Pitts said he envisions the Erie Basin Wingate, planned next to Shanghai Red's, as catering to guests including business travelers and visitors from Canada and places like Erie, Pa.
As for the number of other hotel projects in the works, Pitts said, "The market will ultimately decide who survives and who doesn't."
David Hart, president and chief executive officer of Hart Hotels, said he isn't opposed to new competition in the downtown market. But he sharply criticized providing government subsidies to new hotels at a time when he says that market is struggling.
"We don't need government-subsidized hotel rooms," said Hart, whose business operates a Holiday Inn on Delaware Avenue. "We need more customers."
If developers feel the downtown market is so hot, Hart said, they shouldn't need subsidies to get started. "If they want to do a private equity deal with their own money, then step up to the plate, fine."
New hotels that are subsidized merely "cannibalize" customers from the properties that have come before it, creating more downward pressure on the market, he said.
Conventions and meetings held in the Buffalo Niagara Convention Center are one source of guests for the downtown hotels.
Some larger conventions create a logistical challenge.

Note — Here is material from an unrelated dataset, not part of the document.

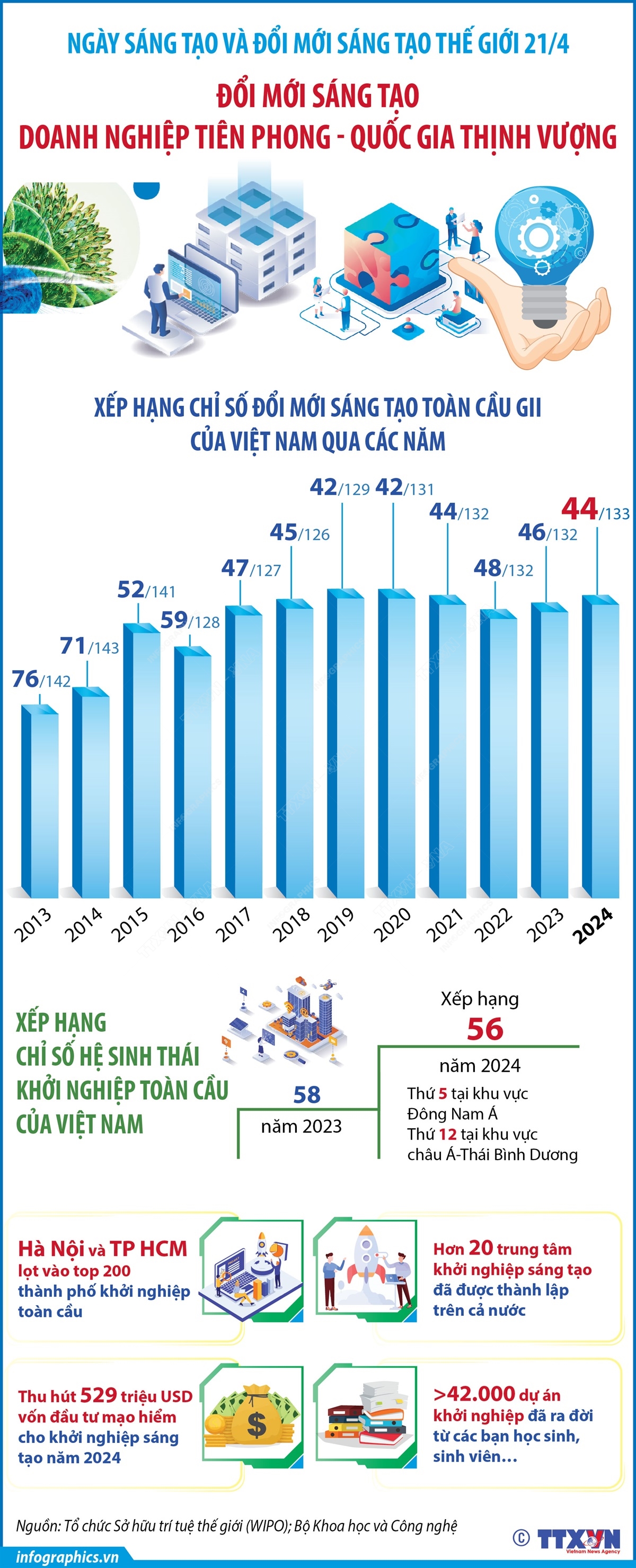 Năm 2017, Đại hội đồng Liên hợp quốc đã chọn ngày 21-4 hằng năm là Ngày Sáng tạo và Đổi mới sáng tạo thế giới với mục đích nhằm nâng cao nhận thức về vai trò của sáng tạo và đổi mới sáng tạo trong phát triển kinh tế, xã hội và phát triển bền vững. Tổ chức Sở hữu trí tuệ thế giới công bố Bộ chỉ số Đổi mới sáng tạo toàn cầu (thường được gọi tắt là GII). Thời gian qua, đất nước ta đã đạt được một số kết quả tích cực về sự phát triển khoa học công nghệ, đổi mới sáng tạo, trong đó có vai trò của hoạt động khởi nghiệp. Chỉ số Đổi mới sáng tạo toàn cầu năm 2024 xếp hạng 44/133 quốc gia và nền kinh tế, tăng 2 bậc so với năm 2023. Chỉ số Hệ sinh thái khởi nghiệp toàn cầu của Việt Nam cũng tăng 2 bậc, từ vị trí 58 lên 56, đứng thứ 5 tại khu vực Đông Nam Á và thứ 12 tại khu vực châu Á - Thái Bình Dương…

The CVB sometimes brings suburban hotels into the lodging mix to serve all the downtown visitors, but that requires shuttling guests back and forth.

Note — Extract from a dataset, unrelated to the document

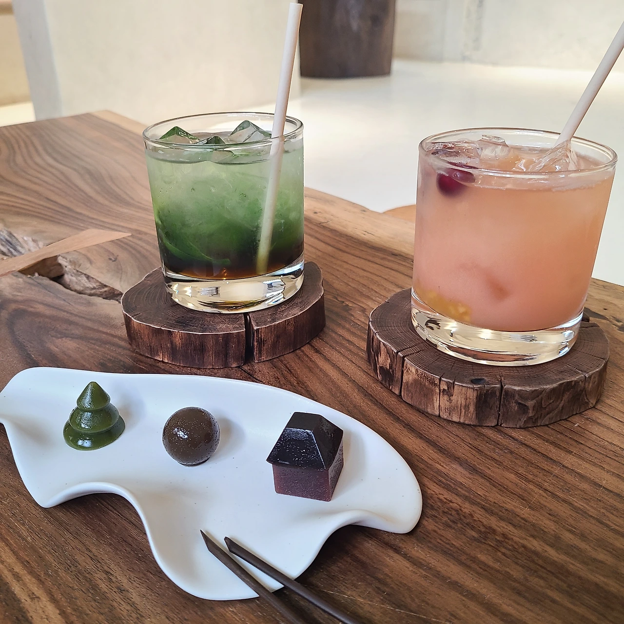 아껴놓은 오늘치 커피를 마실까 하다가 자주 올 수 없는 곳인 만큼 예쁜 사진 찍기가 카페인 수혈을 이겼다. 시그니처 메뉴 서귀포의 환상, 섶섬이 보이는 풍경, 집양갱을 주문했다. 음료의 이름은 이중섭의 작품명이라는 것을 처음 알았다. 작품을 검색해 보는 동안 한라봉과 열대과일로 만든 연주홍빛 음료와, 매실청과 바질 등 초록의 맛이 느껴지는 음료가 도착했다. 동그랗고 네모지고 트리 모양의 작고 귀여운 양갱 3 총사는 팥 호지 말차 등 제주의 맛이 담겨 있다고 했다. 나뭇가지 같은 포크를 이용해 작게 잘라 한 입씩 사이좋게 먹었다. 집양갱은 달디달고 달디달지는 않았다. 우리 집 미슐랭이 말했다. "음, 맛있네."

If the CVB bears the transportation costs, the convention becomes a less-lucrative source of business, Healy said. If the event has to bear the cost, Buffalo becomes a less-attractive choice, compared with cities with ample rooms close to the convention site.
"From our perspective, more rooms downtown makes Buffalo a more viable convention destination," Healy said.

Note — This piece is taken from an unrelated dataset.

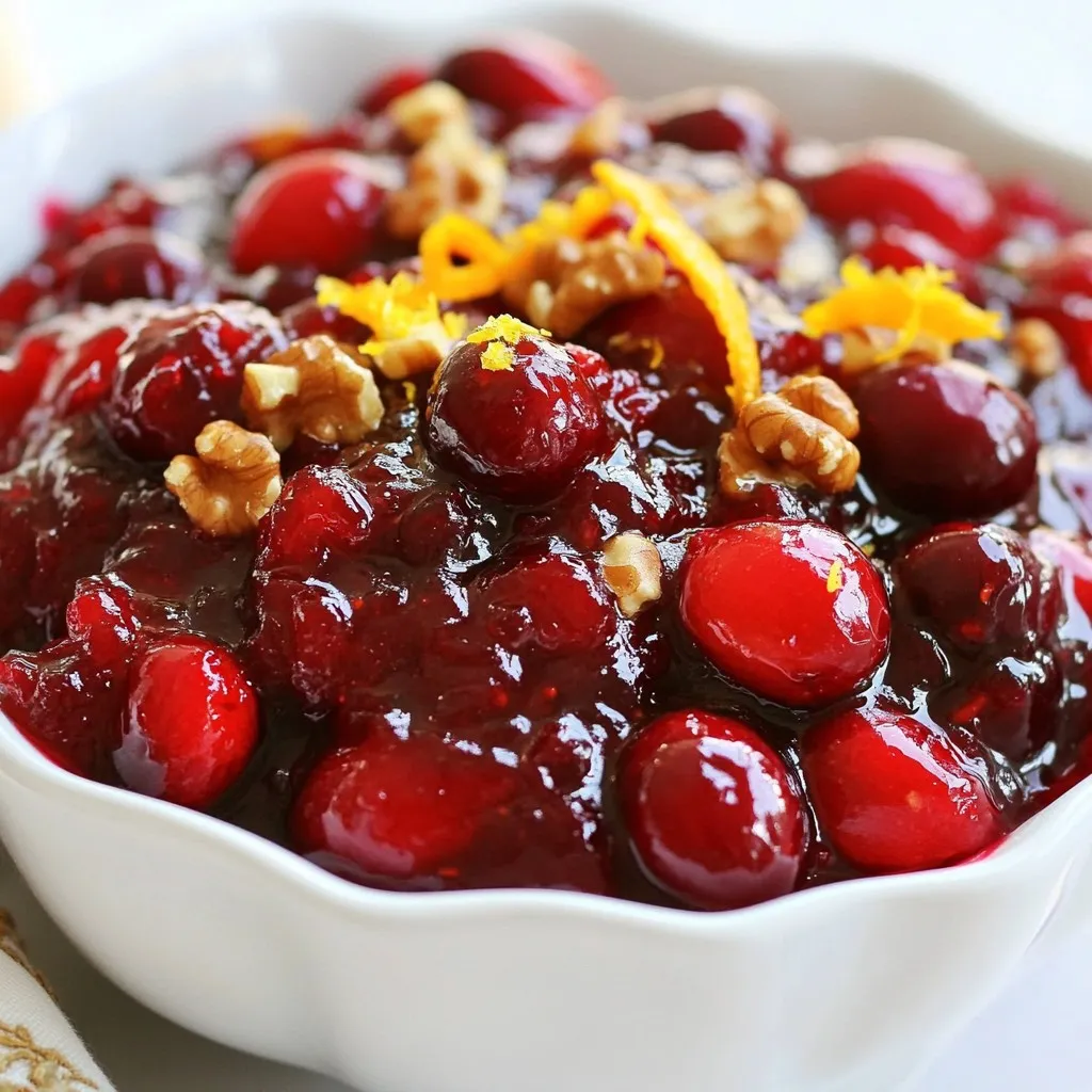 Serve your cranberry sauce in a beautiful bowl. A sprinkle of chopped walnuts on top adds texture. For extra color, garnish with orange slices or mint leaves. This makes your dish look festive and inviting. If you have guests, let them serve it themselves. Offer it alongside other sides for a buffet-style meal. This allows everyone to enjoy your tasty cranberry sauce their way!

Amateur sports are another area the CVB targets, said Michael Even, vice president of sales. The NCAA basketball tournament, the Empire State Games and the World Junior Hockey Championships are all on the 2010 schedule.
Cultural tourism is another of its targets. The National Trust for Historic Preservation will hold its 2011 conference in Buffalo and is expected to draw 2,000 people.
The hotel planned for Elmwood and Forest is trying to carve a geographic niche a bit removed from downtown.
Jeffrey Birtch, CEO of Chason Affinity, says that hotel would tap into cultural attractions like the Burchfield Penney Art Center, Albright-Knox Art Gallery and the Darwin Martin House, as well as Buffalo State. It would also be an option for people who are visiting residents in that section of the city, he said.